An exact copy of the listing is what is needed; please output it in full.
- Opening Delimiter -
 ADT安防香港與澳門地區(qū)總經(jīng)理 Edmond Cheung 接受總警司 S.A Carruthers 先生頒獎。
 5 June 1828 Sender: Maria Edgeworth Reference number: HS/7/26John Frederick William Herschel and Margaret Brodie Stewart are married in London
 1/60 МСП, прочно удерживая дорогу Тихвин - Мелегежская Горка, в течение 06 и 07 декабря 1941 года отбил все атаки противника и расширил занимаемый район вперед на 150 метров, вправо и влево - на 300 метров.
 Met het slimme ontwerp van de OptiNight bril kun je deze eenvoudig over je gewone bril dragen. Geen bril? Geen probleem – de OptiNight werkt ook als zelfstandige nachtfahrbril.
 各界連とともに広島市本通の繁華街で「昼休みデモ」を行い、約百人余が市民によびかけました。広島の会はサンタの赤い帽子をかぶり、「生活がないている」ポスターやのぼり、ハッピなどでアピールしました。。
- Closing Delimiter -
_FINISHED TASK_
 ADT安防香港與澳門地區(qū)總經(jīng)理 Edmond Cheung 接受總警司 S.A Carruthers 先生頒獎。
 5 June 1828 Sender: Maria Edgeworth Reference number: HS/7/26John Frederick William Herschel and Margaret Brodie Stewart are married in London
 1/60 МСП, прочно удерживая дорогу Тихвин - Мелегежская Горка, в течение 06 и 07 декабря 1941 года отбил все атаки противника и расширил занимаемый район вперед на 150 метров, вправо и влево - на 300 метров.
 Met het slimme ontwerp van de OptiNight bril kun je deze eenvoudig over je gewone bril dragen. Geen bril? Geen probleem – de OptiNight werkt ook als zelfstandige nachtfahrbril.
 各界連とともに広島市本通の繁華街で「昼休みデモ」を行い、約百人余が市民によびかけました。広島の会はサンタの赤い帽子をかぶり、「生活がないている」ポスターやのぼり、ハッピなどでアピールしました。。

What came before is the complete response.